7 5. Mengetahui hubungan kemampuan memahami dengan kemampuan berberargumentasi siswa sebagai efek dari penerapan model pembelajaran argument-based science inquiry (ABSI). D. Manfaat Penelitian Penelitian ini diharapkan menjadi bukti empiris tentang potensi penerapan model pembelajaran argument-based science inquiry (ABSI) dalam meningkatkan kemampuan memahami dan kemampuan berargumentasi yang nantinya dapat memperkaya hasil-hasil penelitian sejenis yang telah dilakukan dan dapat dipergunakan oleh berbagai pihak yang berkepentingan seperti peneliti, mahasiswa Lembaga Pendidikan Tenaga Kependidikan (LPTK), dan guru-guru fisika sebagai rujukan, pembanding, data dalam penelitian yang dilakukannya. E. Definisi Operasional Agar tidak terjadi kesalahan penafsiran terhadap istilah-istilah yang digunakan dalam penelitian ini, maka perlu diberikan penjelasan tentang istilahistilah tersebut, yaitu sebagai berikut : a. Model pembelajaran argument-based science inquiry (ABSI) adalah sebuah model pembelajaran yang berorientasi argumentasi melalui kegiatan inkuiri sains yang dalam pembelajarannya mengadopsi pada pembelajaran Science Writing Heuristic (SWH) dengan tahapan: (1) eksplorasi pemahaman sebelum pembelajaran, (2) partisipasi dalam kegiatan praktikum, (3) menulis pengertian individu untuk kegiatan praktikum, (4) bertukar pikiran dan membandingkan interpretasi data dalam kelompok kecil, (5) membandingkan ide-ide sains dengan buku teks atau sumber lainnya, melalui diskusi kelas (6) refleksi dan menulis secara individu, (7) ekplorasi pemahaman setelah pembelajaran, yaitu penguatan materi dan membuat kesimpulan. b.

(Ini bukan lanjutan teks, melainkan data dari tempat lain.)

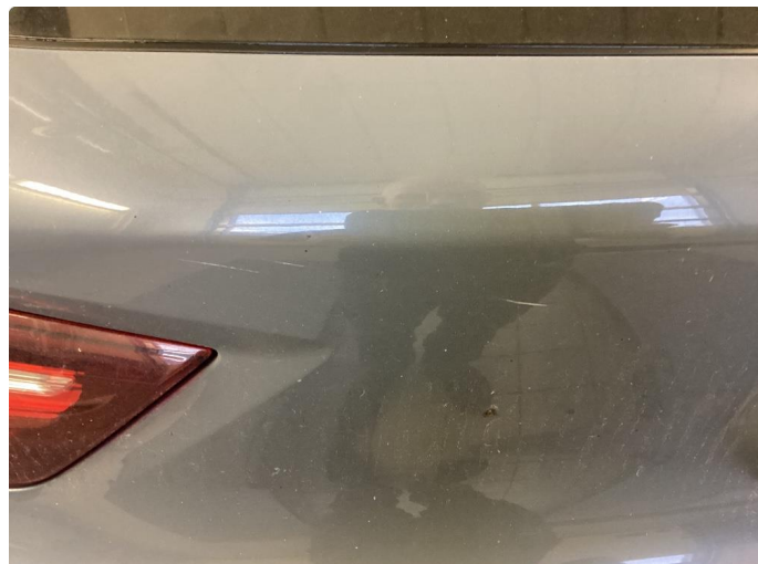
1.1 Noen riper
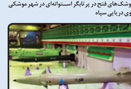
مقایسه ابعاد موشک فاتح با فاتح و راکت زلزلال

در هفته‌های اخیر رسانه‌های غربی بر محور خبری احتمال فروش موشک‌های بالستیک ایرانی به روسیه اصرار دارند، همانطور که در سال گذشته بر خط تبلیغی فروش پهپاد به روسیه توسط ایران تأکید می‌کردند. اینکه هدف از این رویکرد چیست و غرب در مواجهه با ایران چرا به دنبال گسترش چنین ادعایی است و اینکه آیا روسیه به موشک‌های ایرانی نیاز دارد یا اینکه موشک‌های ایرانی برای روسیه مفید خواهند بود، مواردی است که جداگانه قابل بحث و بررسی است، اما اصل ماجرای ثابت شدن کارایی پهپادها و موشک‌های ایرانی برای ناظران خارج می‌شود. سبب علاقه‌مندی کشورهای متعددی به خرید پهپاد از ایران شده یک واقعیت روشن و البته قابل افتخار برای کشورمان است. در گزارش‌های متعدد قبلی صفحه دفاعی روزنامه جوان به انواع پهپادهای ایرانی پرداخته شده بود اما در این گزارش مرور سریعی بر انواع مختلف موشک‌های بالستیک برد کوتاه تا متوسط ایرانی خواهیم داشت تا مخاطبان گرامی نگاه گذرایی بر تمام عناصر آرایه موشکی سطح به سطح بالستیک کشور داشته باشند. ■■■■
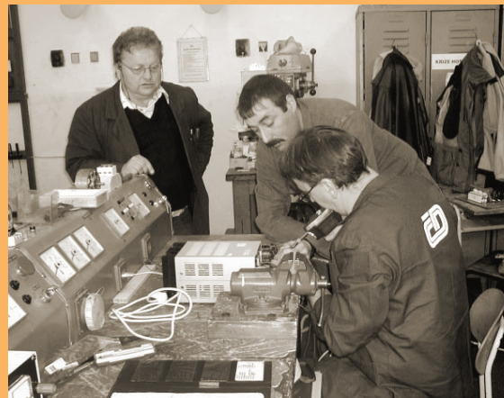
ŠKOLA POSKYTUJE MOŽNOST REKVALIFIKAČNÍHO A DÁLKOVÉHO STUDIA
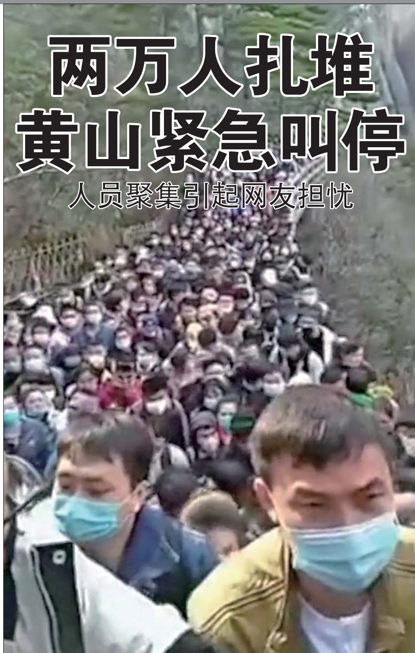
清明小长假里,大批游客拥进黄山景区。网络视频截图

Kemampuan memahami didefinisikan sebagai kemampuan membangun pengertian dari pesan pembelajaran, meliputi oral, tulisan dan komunikasi

8 grafik. Kemampuan memahami terdiri dari kemampuan menafsirkan (interpreting), mencontohkan (exemplifying), mengklasifikasikan (classifying), merangkum (summarizing), menyimpulkan (inferring), membandingkan (comparing) dan menjelaskan (explaining). Kemampuan memahami ini diukur menggunakan tes kemampuan memahami dalam bentuk pilihan ganda (PG). c. Kemampuan berargumentasi didefinisikan sebagai kemampuan siswa dalam berargumentasi secara tertulis yakni kemampuan untuk memberikan bukti dan alasan untuk memperkuat atau menolak suatu pendapat atau ide. Kemampuan memberikan bukti dan alasan yang dimaksud adalah kemampuan siswa dalam membuat klaim (claim), memberikan dan menganalisis data, memberikan pembenaran (warrant), dan memberikan dukungan (backing) untuk memperkuat atau menolak pendapat atau ide. Kemampuan berargumentasi diukur melalui tes kemampuan berargumentasi berupa soal uraian.